### Exercise details
Print every line below exactly as written, but leave the pictures behind.

### Dataset section
····················

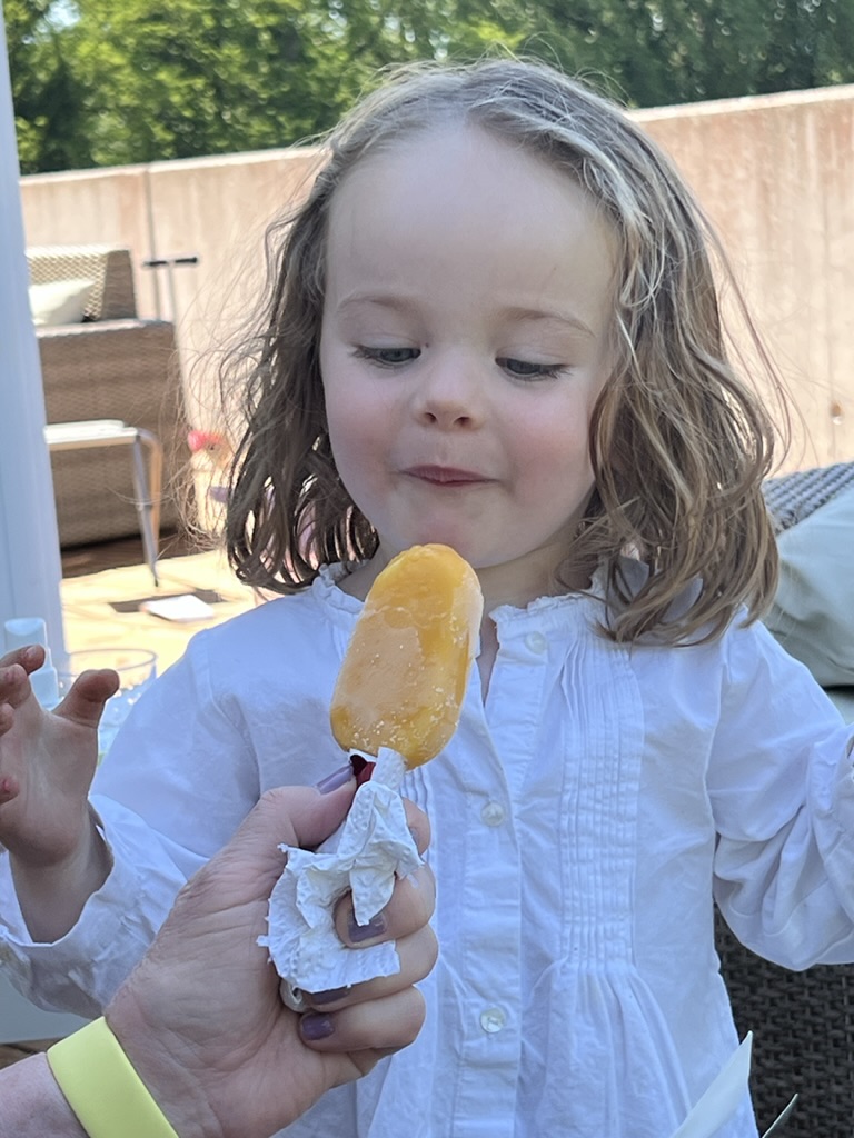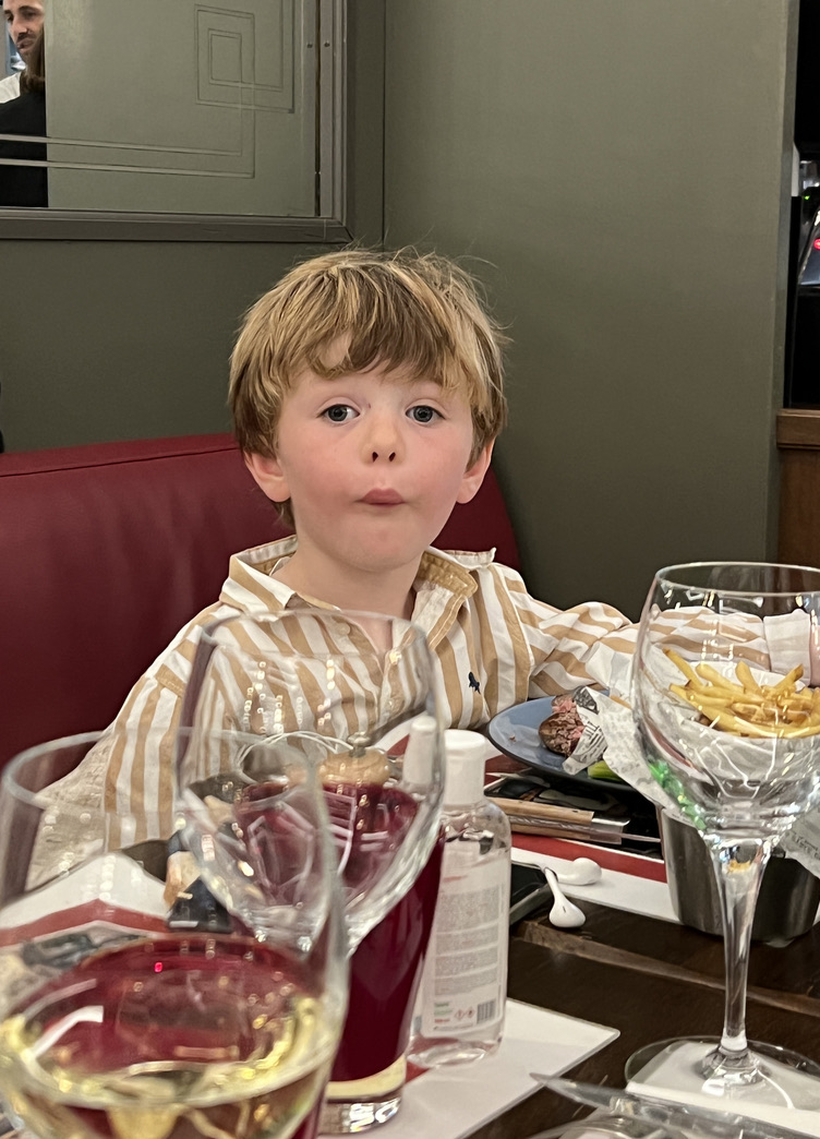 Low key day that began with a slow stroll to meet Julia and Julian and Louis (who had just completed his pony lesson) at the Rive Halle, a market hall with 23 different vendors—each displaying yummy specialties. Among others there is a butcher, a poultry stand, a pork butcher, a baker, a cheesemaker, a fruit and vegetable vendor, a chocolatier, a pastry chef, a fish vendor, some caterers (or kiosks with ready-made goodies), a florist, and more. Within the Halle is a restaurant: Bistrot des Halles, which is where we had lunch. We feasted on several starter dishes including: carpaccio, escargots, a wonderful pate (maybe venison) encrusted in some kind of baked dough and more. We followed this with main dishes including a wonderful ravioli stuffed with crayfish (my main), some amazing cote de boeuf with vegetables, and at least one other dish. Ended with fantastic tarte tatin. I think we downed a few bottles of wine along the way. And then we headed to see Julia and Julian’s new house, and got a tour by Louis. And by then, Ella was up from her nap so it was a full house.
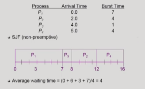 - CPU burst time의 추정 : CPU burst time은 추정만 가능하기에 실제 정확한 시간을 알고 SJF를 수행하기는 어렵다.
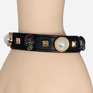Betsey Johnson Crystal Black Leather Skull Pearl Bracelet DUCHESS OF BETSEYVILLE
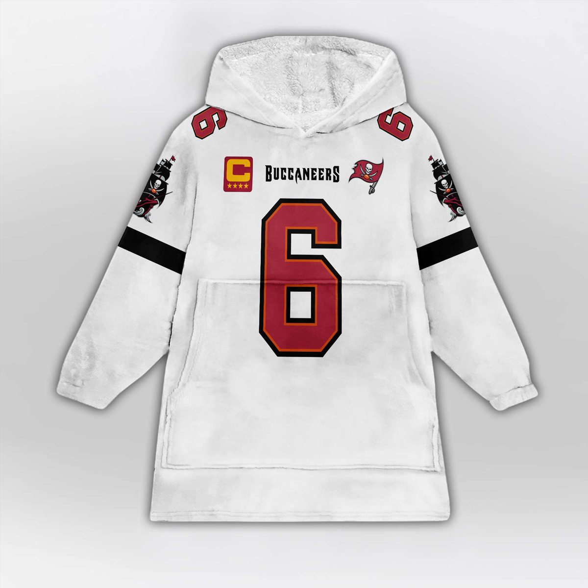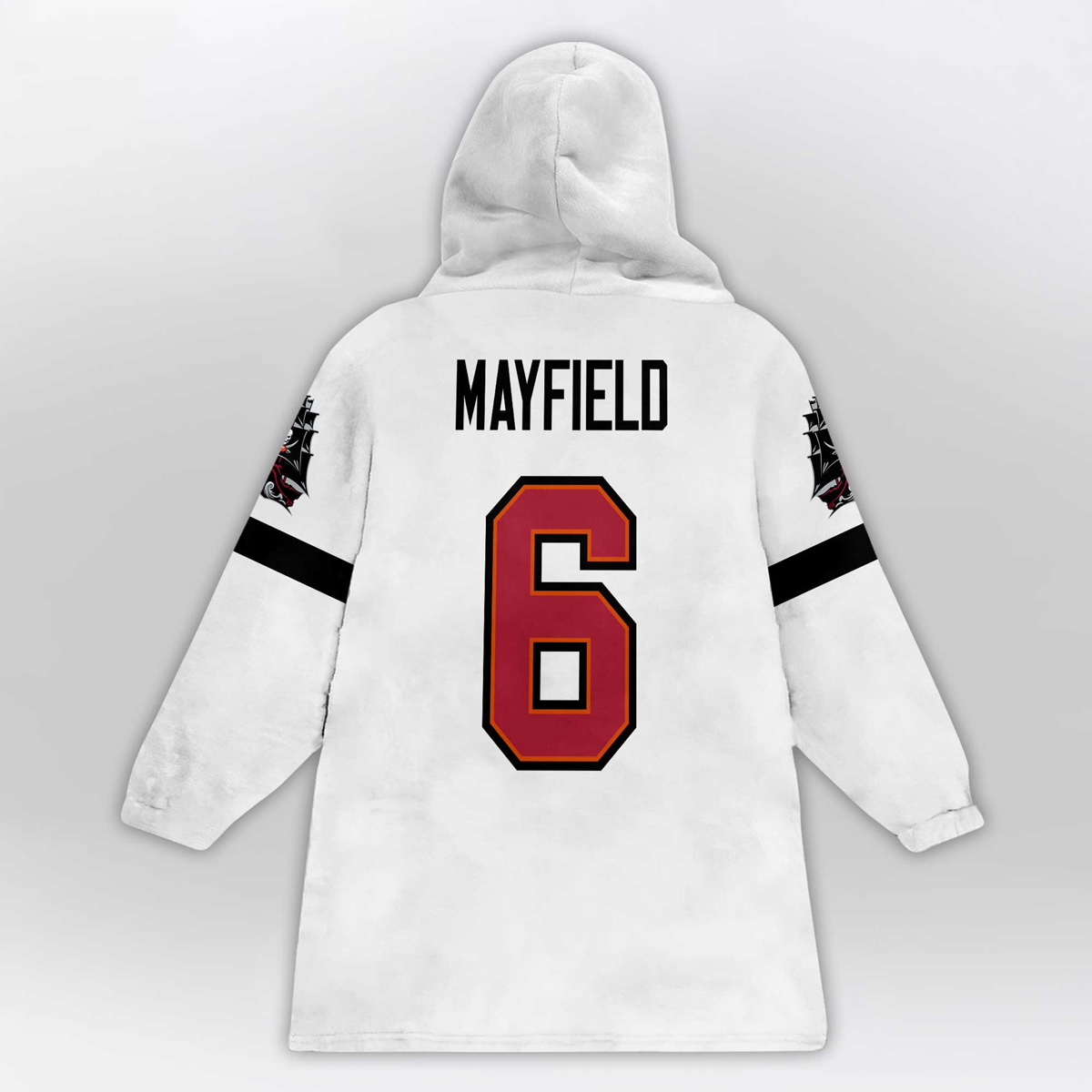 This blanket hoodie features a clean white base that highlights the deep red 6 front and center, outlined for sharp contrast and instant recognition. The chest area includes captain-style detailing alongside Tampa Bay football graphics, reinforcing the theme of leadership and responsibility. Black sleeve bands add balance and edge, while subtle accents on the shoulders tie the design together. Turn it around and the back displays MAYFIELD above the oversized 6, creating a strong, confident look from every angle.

····················

### Task output
 Low key day that began with a slow stroll to meet Julia and Julian and Louis (who had just completed his pony lesson) at the Rive Halle, a market hall with 23 different vendors—each displaying yummy specialties. Among others there is a butcher, a poultry stand, a pork butcher, a baker, a cheesemaker, a fruit and vegetable vendor, a chocolatier, a pastry chef, a fish vendor, some caterers (or kiosks with ready-made goodies), a florist, and more. Within the Halle is a restaurant: Bistrot des Halles, which is where we had lunch. We feasted on several starter dishes including: carpaccio, escargots, a wonderful pate (maybe venison) encrusted in some kind of baked dough and more. We followed this with main dishes including a wonderful ravioli stuffed with crayfish (my main), some amazing cote de boeuf with vegetables, and at least one other dish. Ended with fantastic tarte tatin. I think we downed a few bottles of wine along the way. And then we headed to see Julia and Julian’s new house, and got a tour by Louis. And by then, Ella was up from her nap so it was a full house.
 - CPU burst time의 추정 : CPU burst time은 추정만 가능하기에 실제 정확한 시간을 알고 SJF를 수행하기는 어렵다.
Betsey Johnson Crystal Black Leather Skull Pearl Bracelet DUCHESS OF BETSEYVILLE
 This blanket hoodie features a clean white base that highlights the deep red 6 front and center, outlined for sharp contrast and instant recognition. The chest area includes captain-style detailing alongside Tampa Bay football graphics, reinforcing the theme of leadership and responsibility. Black sleeve bands add balance and edge, while subtle accents on the shoulders tie the design together. Turn it around and the back displays MAYFIELD above the oversized 6, creating a strong, confident look from every angle.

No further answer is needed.